Джек долго молчал и наконец сказал:
– Сорок восемь наггетсов из «Макдоналдса», но при этом у меня должно быть похмелье.
– Ну-ка поясни.
– Вкуснее всего за всю жизнь мне случилось поесть на следующий день после восемнадцатого дня рождения. Я тогда учился в колледже Феттс. На следующий день после дня рождения мой приятель, умевший водить, в пять часов вечера отвез нас в «Макдоналдс». На меня вдруг напал волчий голод. Я заказал сорок восемь наггетсов и все съел.
Я не смогла сдержать смех. Одновременно постаралась не заметить, что он не смог удержаться от упоминания престижной школы.
– И это была лучшая еда за всю жизнь? Восстановленная курятина?
– Ага. А у тебя?
У меня пискнул телефон – Амрит. Я открыла его сообщения, которые были без ответов, и Джек это увидел.
– Ты не отвечаешь, – заметил он.
Я пожала плечами, и он не стал продолжать тему. Слишком это было трудно. Надо было бы рассказывать все: и про мальчика, и про мою ошибку.
– Вряд ли перед смертью у тебя будет время на похмелье.
– Наверно, не будет.
– Ты ведь вообще сейчас не пьешь?
– Нет.
– Это потому, что в тот вечер был пьян?
Джек, к его чести, сразу понял, о чем я, и не стал делать непонимающий вид, хотя и закатил глаза.
– Терпеть не могу говорить об этом.
– Я знаю. Твоя мама…
– Что?
– Она же не хочет, чтобы ты об этом упоминал? – Я вспомнила, как его мать энергично махала веником, когда говорила, что надо оставить тему, и уклончивое объяснение его отца у озера. Не говоря про все остальное: счета за очистку репутации и гонорары адвоката. – Но что бы ни думали твои родители, ты можешь мне рассказать. Ты не обязан им повиноваться.
Это было лишнее.
– Мои родители?! – возмутился он.
– Прости. Но тогда, у озера – он сам вмешался.

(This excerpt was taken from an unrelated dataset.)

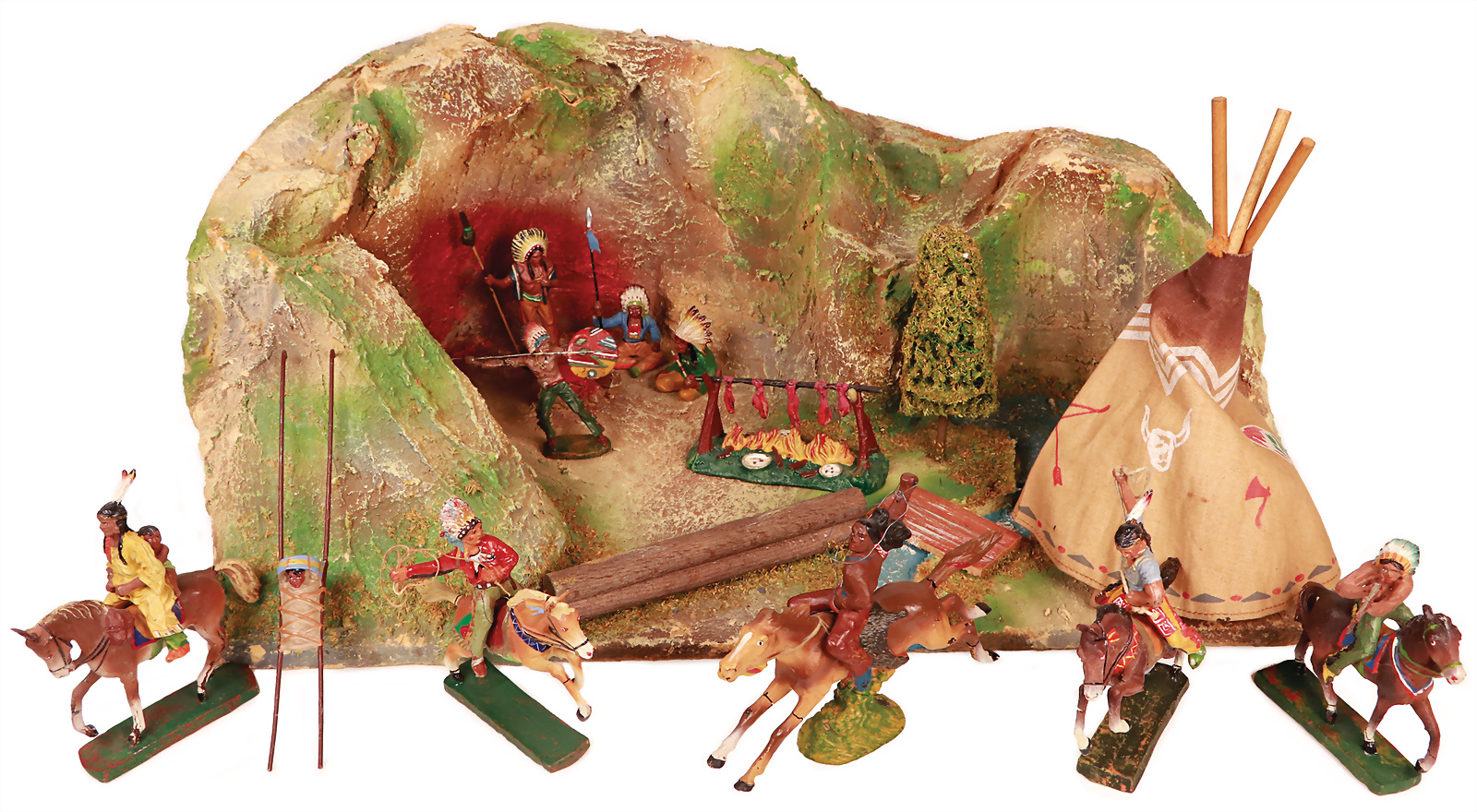 Grotte mit Bachlauf, B: 55 cm, H: 21 cm, Indianer, 7-7,5 cm, Häuptling LINEOL, Lagerfeuer, Tipi, meist Zust. 2, Squaw mit 2 Kindern auf Pferd, das Objekt befindet sich in der Schweiz, diese Artikel können abgeholt oder versandt werden, bei Einfuhr in die EU fallen Zoll u. Umsatzsteuer an, eine Verzollung kann auch persönlich vorgenommen werden, für Bieter außerhalb der EU gelten die dort üblichen Zollbedingungen

– Конечно, вмешался. Это была бабушка Доминика, как ты, наверно, уже догадалась. Ты теперь каждый день будешь меня подвергать перекрестному допросу?
– Нет.
Он помолчал.
– Отчасти да, – сказал он наконец, – любил иногда выпить. В тот вечер пил пиво, но пьяным не был.
– И? – тихо спросила я, не желая спугнуть его признание, как будто уличного кота подманивала из подворотни.
– Все дело во вкусе.
– Чего?
– Чего угодно, пива, вина. Вкус разный, но все равно алкоголь. Это и ощущение отвязанности.
– И как, приятное ощущение?
Я едва могла его вспомнить. Сейчас для меня это была чистая теория. Интересно, что я выпью первым делом, когда можно будет? Просекко? Подниму бокал за Уолли?
– Последний раз, когда у меня было это чувство, кончился тем, что я стоял над трупом. Так что не знаю. Я виделся с одной женщиной по этому поводу – специалистом по когнитивному поведению. Так глупо это было. Ее мнение: у меня эти воспоминания хранятся в травматическом месте. Так что теперь даже глоток алкоголя вызывает панику. Поэтому я и не вожу машину – тоже риск. Допустим, я кого-то собью и не увижу? И окажусь в той же ситуации. Я все делаю, все возможное, чтобы такого избежать.
Я кивнула. Скорее всего, посттравматический синдром. Во многом это было облегчение, то, что он травмирован. Все его спокойные объяснения были вызваны чем-то совсем иным: хаосом, раскаянием. Я бы удивилась, если бы человек с таким анамнезом не был бы травмирован.
Я часто с этим сталкивалась у раковых пациентов. Начиналась ремиссия, а тревожность у них зашкаливала. Больные никогда не могли этого понять: почему так случается, когда кризис уже закончился.
– И как все ощущалось потом?
Он ответил сразу же:
– Странно, будто все перевернулось.
– В смысле, твоя жизнь?
– Ну, и она тоже. Это же было не только мертвое тело, процесс, это все вообще. Пресса, подначки в Фейсбуке, и наш дом выглядел иначе. Просто все переменилось.
Джек протянул руку, толкнул винтажный рюкзак. Тот закачался. Крюк, на котором он висел, поскрипывал.
– Ты тогда не был зарегистрирован в Фейсбуке, – сказала я машинально, хотя это значило открыть ему карты, а мне этого не хотелось.